La corrupción, sin embargo no es un problema de puros frente a corruptos, ni solo de los hechos visibles en las oficinas, sino de todo un sistema que debe ser desmontado y transformado en una auténtica república controlada por la ciudadanía través de un sistema de pesos y contrapesos. Esto requiere de una reforma institucional que acabe con el archipiélago institucional existente carente de instancias integradoras y de rendición de cuentas. De un proceso de reorganización institucional regional y territorial, donde las políticas nacionales estimulen, la organización e iniciativas locales, donde se estimulen los encadenamientos y se difundan las mejores innovaciones. Donde lo más avanzado de la ciencia y la tecnología adquieran dimensiones en las fortalezas locales y arraiguen a la población al mismo tiempo que generen una visión cosmopolita.

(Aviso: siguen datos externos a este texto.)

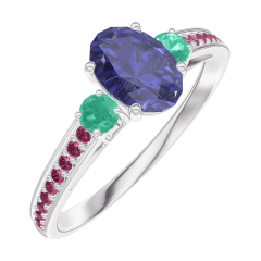 Inel Aur alb 18 carate - Safir albastru Oval 0.5 carate - Pietre laterale Smarald - Încrustare Rubin
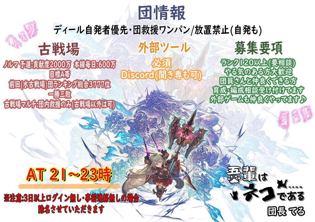 照 吾輩はネコである は 定住予定の団員さん1名を募集中です みんなでゆる くグラブルしたり スプラやスマブラなどのゲームをしていたりする楽しい団です 下記に記載の画像を見て入団希望や不明点などございましたら お気軽にdmでお聞きください
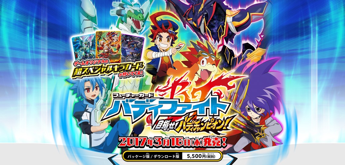 Future Card Buddyfight: Mezase! Buddy Champion! launches in Japan on March 17 for 5,940 yen. The physical version will have bonus Super Special Glittering Cards.

Estas cosas no se pueden lograr de golpe, pero si hay visión nacional y la descentralización se realiza apoderando a la ciudadanía de organización, capacidad de gestión y de demandar cuentas, puede darse un proceso acumulativo que, partiendo de las mejores prácticas que marcan senderos, construya un nuevo sistema institucional.
Hemos sido configurados por un sistema patrimonialista y clientelista que no cambiará con buenos consejos, se requiere de una conducción que estimule el apoderamiento organizacional de las comunidades y grupos que articule el Estado e integre el haz de voluntades colectivo. Como dijo don José Figueres Ferrer “Los hombres sin organización no tienen ningún poder” ni pueden ejercer la ciudadanía, añado yo.